§ **Work item**
Starting at the first line and ending at the one with "Phase 0をクリアしたあ", give the lines of the listing again exactly, and nothing else; skip the pictures.

§ **Data excerpt**

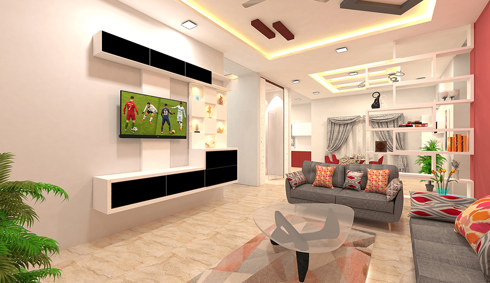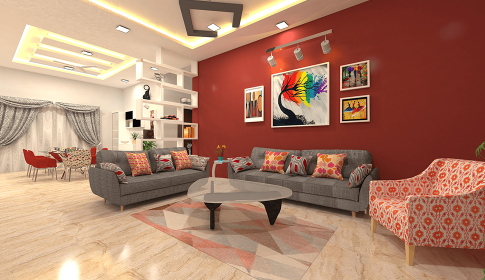 Reds & Pink rule this house! The client here wanted a very modern look for their new home & and red & pink were their favorites when it came to colour. You can see the public & semi public spaces doused in shades of red & pink. For those who feel that these are very bright colours, it a very good example how we can experiment with bright colours in the modern style of design that brings richness to the spaces.
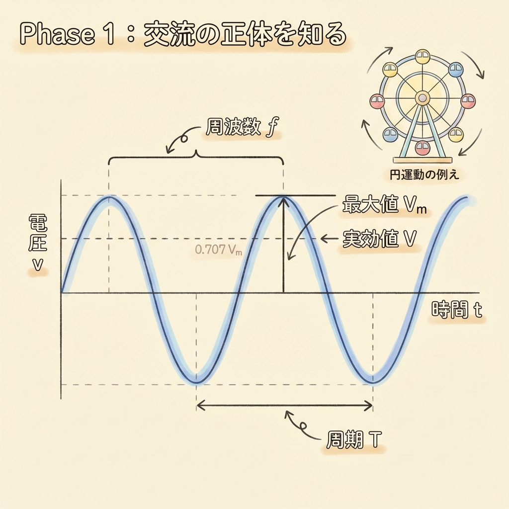 Phase 0をクリアしたあなたは、いよいよ交流の世界に入ります。このフェーズでは、「交流とはどんな波か?」を理解します。まだ回路は解きません。まずは「波そのもの」を知ることが大事です。
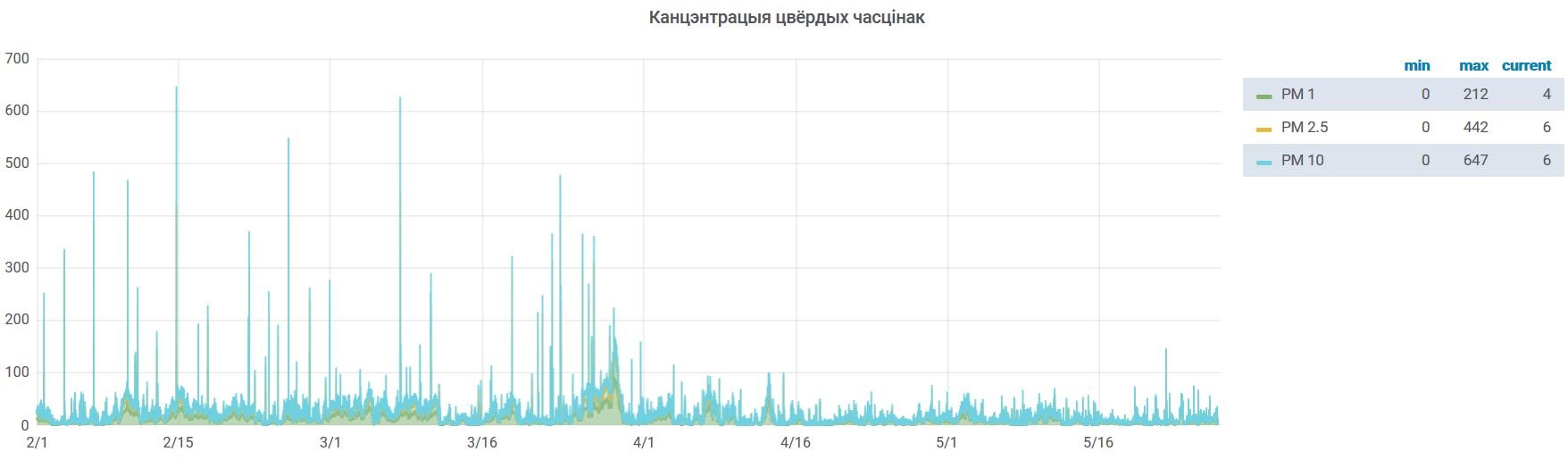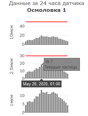 Он показал графики, выстроенные по результатам наблюдений за последние 3 месяца в Осмоловке: мобильный датчик был установлен на доме по улице Киселева. Замеры велись по трем группам частиц: РМ10 (размером менее 10 микрон), РМ2,5 (размером менее 2,5 микрона) и РМ1 (размером менее 1 микрона). К частицам РМ2,5 относятся смесь частиц пыли, золы и сажи, а также сульфатов и нитритов, находящихся во взвешенном состоянии в воздухе. Норма их концентрации согласно ВОЗ — 25 микрограммов на кубический метр.

§ **Solution**
 Reds & Pink rule this house! The client here wanted a very modern look for their new home & and red & pink were their favorites when it came to colour. You can see the public & semi public spaces doused in shades of red & pink. For those who feel that these are very bright colours, it a very good example how we can experiment with bright colours in the modern style of design that brings richness to the spaces.
 Phase 0をクリアしたあなたは、いよいよ交流の世界に入ります。このフェーズでは、「交流とはどんな波か?」を理解します。まだ回路は解きません。まずは「波そのもの」を知ることが大事です。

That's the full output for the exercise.